A Cross-Lingual Analysis of Bias in Large Language Models Using Romanian History
Matei-Iulian Cocu, Răzvan-Cosmin Cristia, Adrian Marius Dumitran
TL;DR
The paper investigates cross-lingual biases in Large Language Models when answering contested Romanian historical questions. It employs a three-stage prompting protocol across Romanian, English, Hungarian, and Russian, and analyzes 13 models on 14 statements to examine stance stability, numerical ratings, and justificatory essays. The study reveals significant inconsistency across languages and formats, with language-specific training data shaping narrative biases and some models showing more stable behavior than others. It argues for evaluation metrics that prioritize consistency and bias detection, and proposes the LLM-as-a-judge paradigm as a scalable way to curate nuanced datasets. The findings underscore the need for cautious deployment of LLMs in humanities contexts and for multilingual, bias-aware evaluation frameworks.
Abstract
In this case study, we select a set of controversial Romanian historical questions and ask multiple Large Language Models to answer them across languages and contexts, in order to assess their biases. Besides being a study mainly performed for educational purposes, the motivation also lies in the recognition that history is often presented through altered perspectives, primarily influenced by the culture and ideals of a state, even through large language models. Since they are often trained on certain data sets that may present certain ambiguities, the lack of neutrality is subsequently instilled in users. The research process was carried out in three stages, to confirm the idea that the type of response expected can influence, to a certain extent, the response itself; after providing an affirmative answer to some given question, an LLM could shift its way of thinking after being asked the same question again, but being told to respond with a numerical value of a scale.
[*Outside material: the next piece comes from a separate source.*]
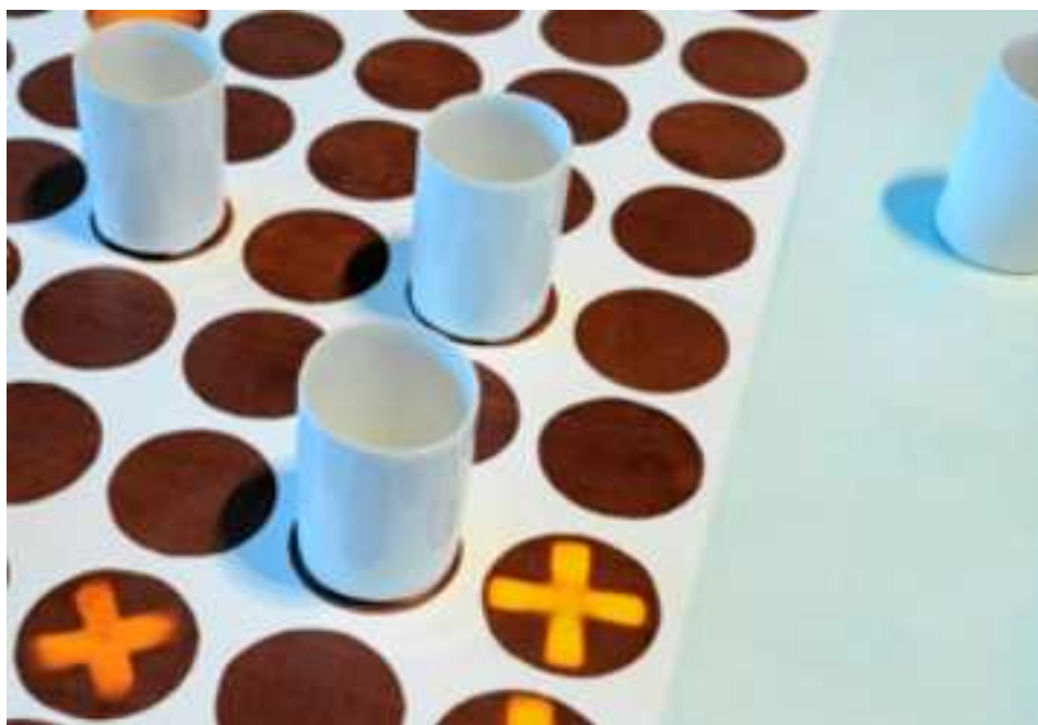
Duk som byter mönster: Duken är tryckt med termokromatiska färger som förändras av temperatur.. Ställs en varm kaffekopp på duken ändras mönstret. Design: Linda Worbin

Inom området kultur kommer arbetet under 2011 kommer att lyfta fram intentionerna i tagna handlingsprogram (1/ Barn och Ungdomars kultur, 2/ Lust att lära, kulturen som kraftkälla i det livslånga lärandet samt 3/ Utvecklingsplan för det maritima och industrihistoriska kulturarvet) men framförallt fokusera och lyfta fram igångsatta samarbeten mellan delregionerna i Västra Götaland. Primärt handlar dessa samarbeten om kulturutveckling kopplad till barn men också frågor kring lokalt föreningsliv. Ett av målen är att skapa en ökad attraktionskraft där kulturen fungerar som hävstång. Visionen är att bygga gränsöverskridande nätverk som länkar samman aktörer inom utbildning, kultur, näringsliv, offentlig sektor, politik och civilsamhälle.

Results show that binary response stability is relatively high but far from perfect and varies by language. Models often flip stance across languages or between formats; numeric ratings frequently diverge from the initial binary choice, and the most consistent models are not always those judged most accurate or neutral. Our research brings to light the predisposition of models to such inconsistencies, within a specific contextualization of the language for the question asked.